Analyze the evolving relationship between these metrics, including interval trends, Month-Over-Month growth, and the relative percentage of cancellations to enrollments.
Conclude with an in-depth examination of the airline's loyalty program.
Explore points accumulated and redeemed by customers, shedding light on the program's effectiveness and its financial impact on the company.
Skewed Distribution: The distance between the median and maximum values highlights a significant skew in the distribution. The presence of high-value customers pulls the mean away from the median, indicating a reliance on a relatively small number of customers for a significant portion of the total value.
Dependency on High-Value Customers: Notably, 52% of the total value is generated by customers above the 75th percentile. This emphasizes the importance of high-value customers in contributing to the overall revenue and underscores the need to nurture and retain these valuable segments.
Uniform Dispersion Across Attributes: Despite minor variations in attributes such as education level, marital status, and province, the distribution of Customer Lifetime Value remains relatively uniform across all categories. While there may be differences in maximum values for specific attributes, the median values consistently align with the general distribution.
Top 75th Percentile: As expected, the attributes combinations that yield elevated percentiles have a shorter gap between max and median values.
There’s an option in the top right corner of the page that allow users to choose between filter extreme values away from the report (values above three standard deviations of the mean), filter normal values and keeping the extreme, or show both (standard page view, the report will start this way).
Even without extreme values, customers above the 75th percentile are still responsible for almost 50% of CLV.

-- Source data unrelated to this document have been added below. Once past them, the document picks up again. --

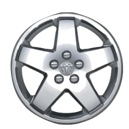
18" Machined-face Aluminum Wheel Standard on R/T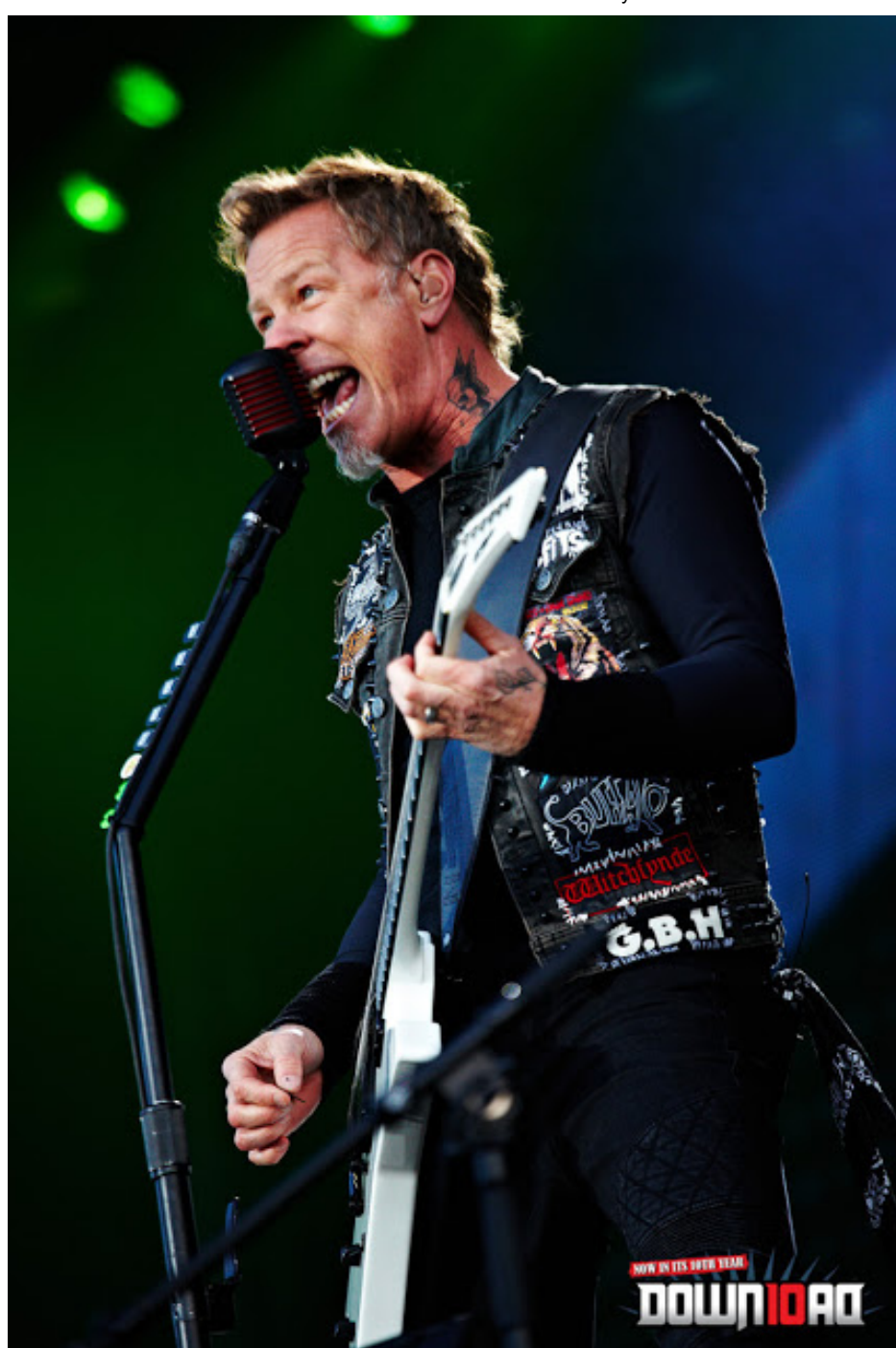
Metallica

Therefore when the big number came, my word they were good! The huge Holier Than Thou , The Unforgiven , Wherever I may Roam and of course Nothing Else Matters were flawless and the powerful Sad But True , got every single person in the enormous crowd pumping their fists and straining their vocal chords.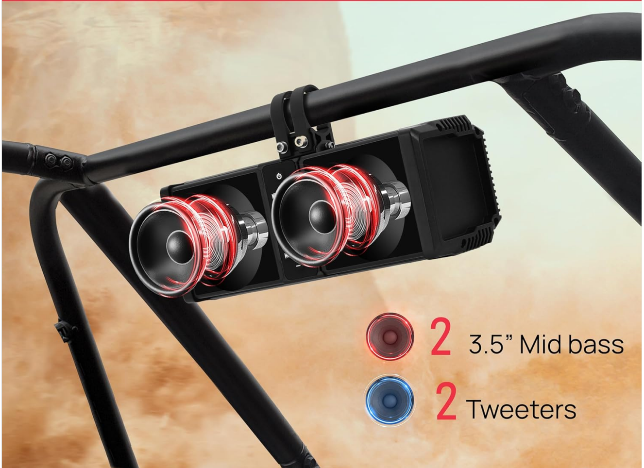
Image: The Pyle 11-inch ATV/UTV Sound Bar highlighting its 80 Watts Max Power, featuring two 3.5-inch mid-bass drivers and two tweeters for a 2-way speaker system.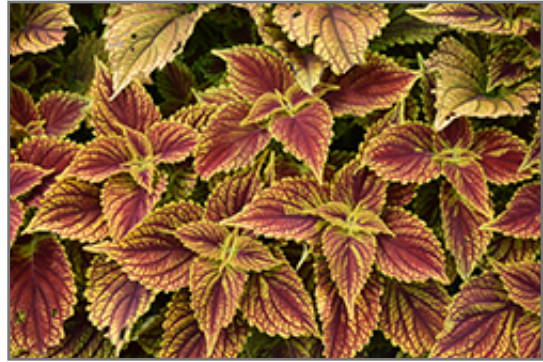
ColorBlaze Golden Dreams Coleus foliage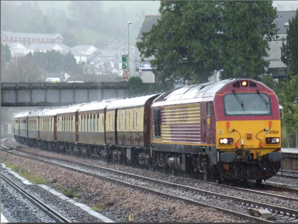
Left: The delayed Truro - Taunton VSOE thunders through a very wet Totnes on the 12th April. Liam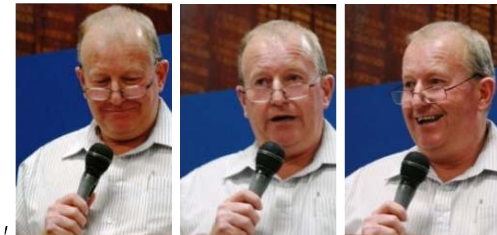
It's all in the timing

We learned too of wool classing and the techno approach to assessing fine fibre.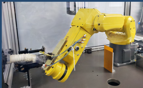
Custom Automated Equipment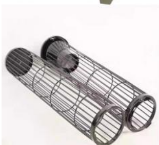
Environmental protection dust removal framework display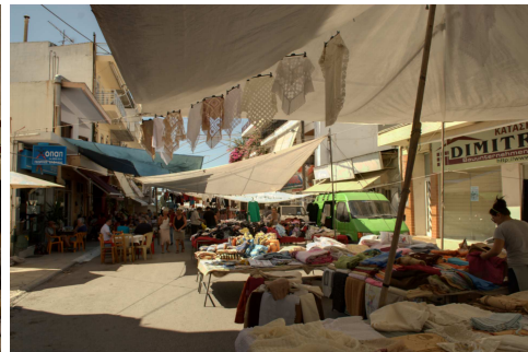
(f) Fusion with [18], (394 sec).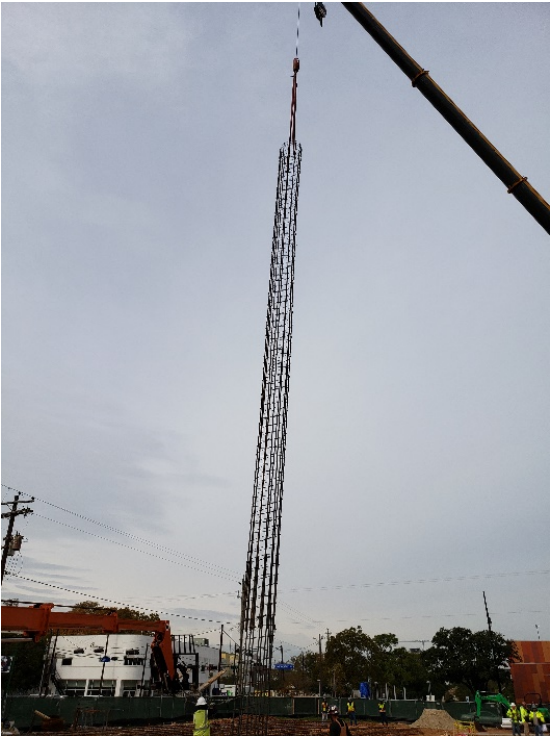
Crane lifts steel rebar cage for deep drilled shaft (11/19/19)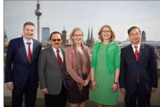
APW 2015

Imprint Publisher: Senate Department for Economics, Technology and Research in cooperation with the Asia-Pacific Forum Berlin and Berlin Partner for Business and Technology Design: eye-solution GmbH | Print: Das Druckteam Berlin As of May 3, 2016 | subject to change

The patterns observed in metrics for flights booked and distance travelled exhibit striking similarities, with notable seasonal peaks occurring in March, July, and December. These peaks coincide with periods of increased travel demand, likely influenced by factors such as holidays or seasonal events. Additionally, both metrics demonstrate a consistent upward trend, typically ranging between 12% to 14%, indicating a steady growth trajectory over time.
Given that distance travelled is inherently linked to flights booked, variations in flight bookings directly impact distance travelled. This interconnected relationship underscores the importance of understanding flight patterns in predicting and analyzing distance travelled metrics.
It's worth highlighting a significant change in interannual increases observed between April and May 2018, marking a pivotal point where the year-over-year gap became notably relevant, warranting further investigation to discern underlying causes.
To provide insights into future trends, a forecast was generated using month-over-month growth data from 2017 to 2018, accounting for seasonal variations. By leveraging historical patterns and incorporating seasonality factors, the forecast aims to provide informed estimations for future metrics, assisting in strategic planning and decision-making processes.
A critical aspect to highlight in this analysis is the concerning trend of escalating cancellations outpacing enrollments, coupled with a notable reduction in customer retention periods. This alarming pattern underscores the importance of identifying factors contributing to increased cancellations and implementing strategies to mitigate churn.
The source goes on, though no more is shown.